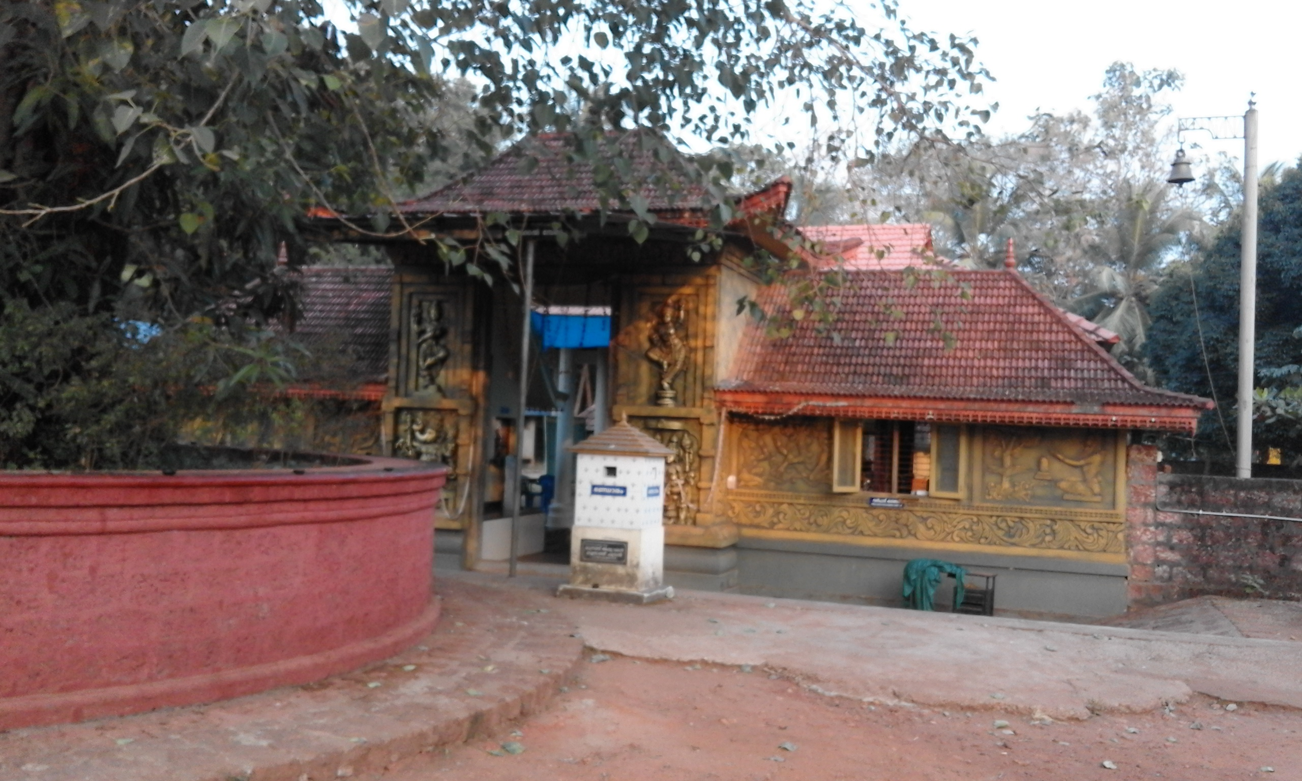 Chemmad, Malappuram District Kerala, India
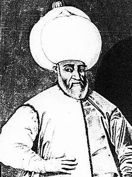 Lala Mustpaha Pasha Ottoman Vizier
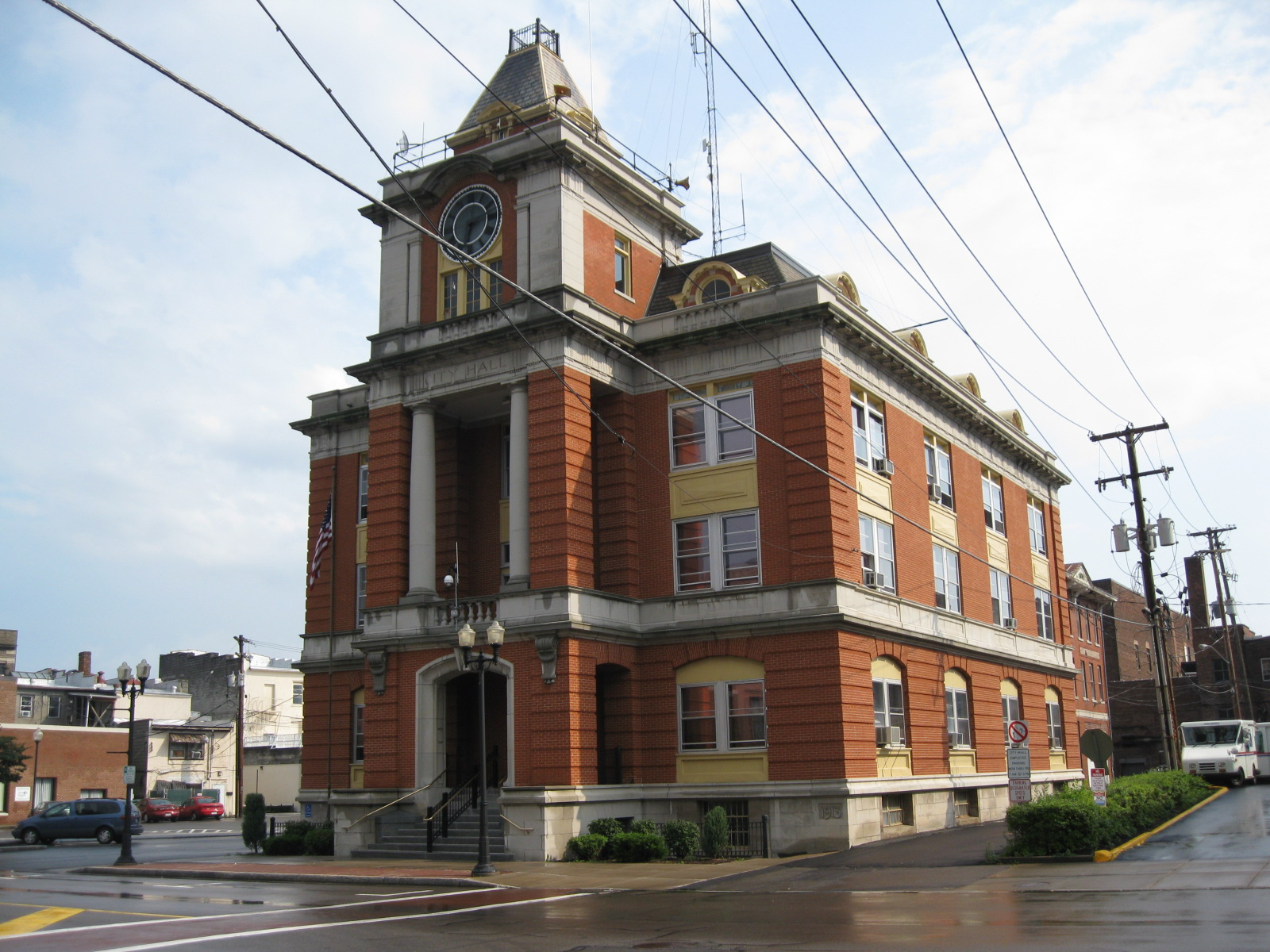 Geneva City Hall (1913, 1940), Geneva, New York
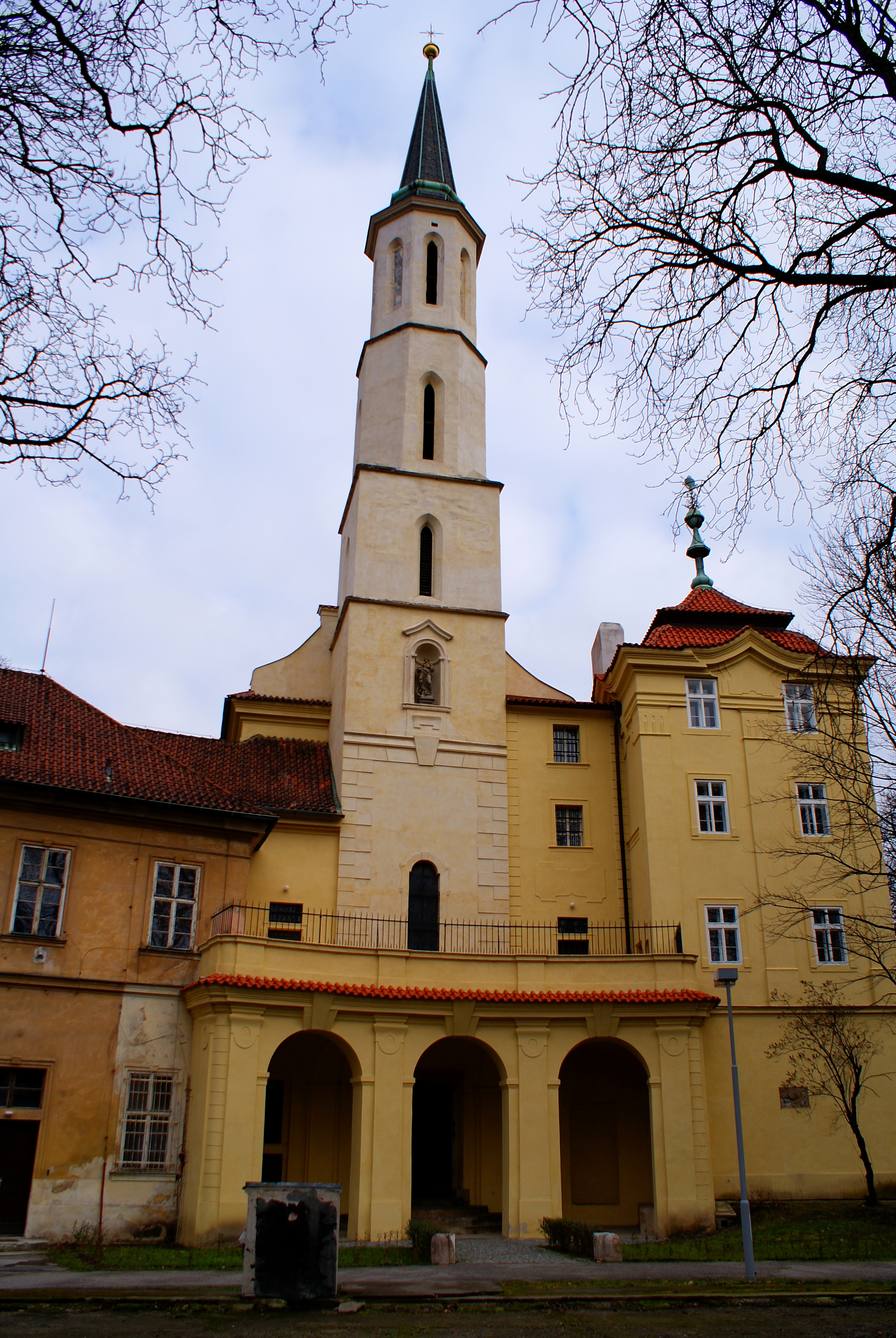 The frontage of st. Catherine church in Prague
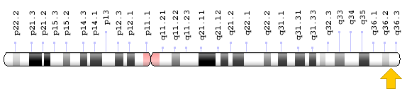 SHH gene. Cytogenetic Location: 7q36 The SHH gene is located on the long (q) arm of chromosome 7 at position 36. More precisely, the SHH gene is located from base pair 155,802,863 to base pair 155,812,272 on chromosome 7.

• _Exercise instructions_: Set the entries down again exactly. Do not include the images.

• _Finished task_:
 Chemmad, Malappuram District Kerala, India
 Lala Mustpaha Pasha Ottoman Vizier
 Geneva City Hall (1913, 1940), Geneva, New York
 The frontage of st. Catherine church in Prague
 SHH gene. Cytogenetic Location: 7q36 The SHH gene is located on the long (q) arm of chromosome 7 at position 36. More precisely, the SHH gene is located from base pair 155,802,863 to base pair 155,812,272 on chromosome 7.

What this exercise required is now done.